Running the AP pipeline¶
Setup¶
Pick up where you left off in Getting Started. This means you already have a repository of ingested DECam data and have set up the LSST Science Pipelines stack.
Your repository should have the following collections, which can be checked using butler query-collections <repo>
:
DECam/calib: biases, flats, defects, camera specs, etc.
DECam/raw/all: images to be processesd
refcats: reference catalogs for calibration
skymaps: index for the templates
templates/deep:
deepCoadd
templates for difference imaging
AP pipeline on the command line¶
Like most Vera Rubin Observatory pipelines, the AP Pipeline is run with an external runner called pipetask
.
This can be found in the ctrl_mpexec
package, which is included as part of lsst_distrib
.
The pipeline itself is configured in ap_pipe/pipelines/DECam/ApPipe.yaml.
To process your ingested data, run
apdb-cli create-sql "sqlite:///apdb.db" apdb_config.py
pipetask run -p ${AP_PIPE_DIR}/pipelines/DECam/ApPipe.yaml \
--register-dataset-types -c parameters:coaddName=deep \
-c isr:connections.bias=cpBias -c isr:connections.flat=cpFlat \
-c parameters:apdb_config=apdb_config.py -b repo/ \
-i "DECam/defaults,DECam/raw/all" -o processed \
-d "visit in (411420, 419802) and detector=10"
In this case, a processed/<timestamp>
collection will be created within repo
and the results will be written there.
The apdb_config.py
file will be created by apdb-cli
and passed to pipetask
.
See Setting up the Alert Production Database for ap_pipe for more information on apdb-cli.
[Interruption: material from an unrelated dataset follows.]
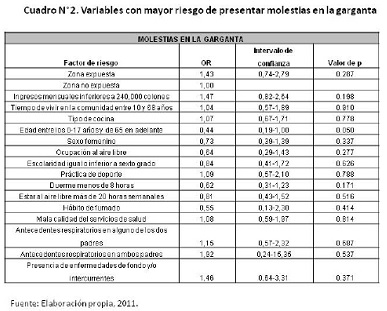 En el siguiente cuadro se pueden apreciar los factores de riesgo y sus respectivos datos, para la aparición de molestias en la garganta.
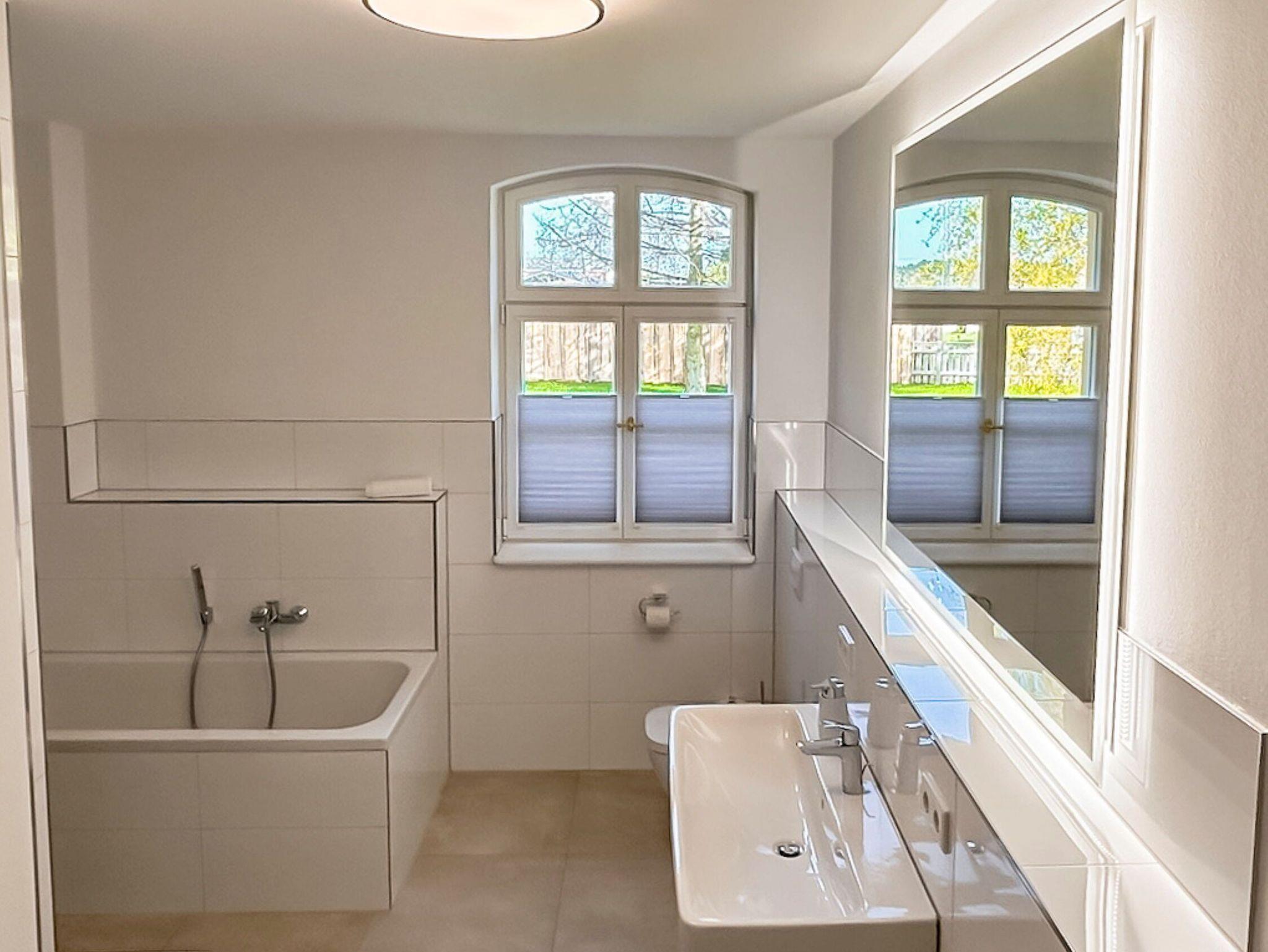 • Badezimmer mit Dusche, Badewanne + Gäste-WC

This example command only processes observations corresponding to visits 411420 and 419802, both with only detector 10.
The example creates a “chained” output collection that can refer back to its inputs. If you prefer to have a standalone output collection, you may instead run
pipetask run -p ${AP_PIPE_DIR}/pipelines/DECam/ApPipe.yaml \
--register-dataset-types -c parameters:coaddName=deep \
-c isr:connections.bias=cpBias -c isr:connections.flat=cpFlat \
-c parameters:apdb_config=apdb_config.py -b repo/ \
-i "DECam/defaults,DECam/raw/all" --output-run processed \
-d "visit in (411420, 419802) and detector=10"
Note
You must configure the pipeline to use the APDB config file, or ap_pipe
will not run.
In the examples above, it is configured with the -c
option.
Note
Both examples above are only valid when running the pipeline for the first time.
When rerunning with an existing chained collection using -o
, you should omit the -i
argument.
When rerunning with an existing standalone collection using --output-run
, you must pass --extend-run
.
Expected outputs¶
If you used the chained option above, most of the output from ap_pipe
should be written to a timestamped collection (e.g., processed/20200131T00h00m00s
) in the repository.
The exception is the source association database, which will be written to the location you configure.
The result from running ap_pipe
should look something like
apdb.db <--- the Alert Production Database with DIAObjects
repo/
contains_no_user_servicable_files/
To inspect this data with the Butler, you should instantiate a Butler within python and access the data products that way.
For example, in python
import lsst.daf.butler as dafButler
butler = dafButler.Butler('repo', collections="processed") # collections keyword is optional
dataId = {'instrument': 'DECam', 'visit': 123456, 'detector': 42}
calexp = butler.get('calexp', dataId=dataId)
diffim = butler.get('deepDiff_differenceExp', dataId=dataId)
diaSourceTable = butler.get('deepDiff_diaSrc', dataId=dataId)
Supplemental information¶
Running on other cameras¶
Running ap_pipe on cameras other than DECam works much the same way. You need to provide a repository containing raws, calibs, and templates appropriate for the camera. There are versions of the AP pipeline for DECam, HSC, LATISS, and ImSim.
Common errors¶
‘KeyError: DatasetType <type> could not be found’: This usually means you left out the
--register-dataset-types
argument.‘Expected exactly one instance of input <arbitrary dataset>’: This may mean an invalid pipeline, but can also mean that you did not provide an
-i
or--input
argument when it was required. This is especially likely if the data ID is not one of the expected values.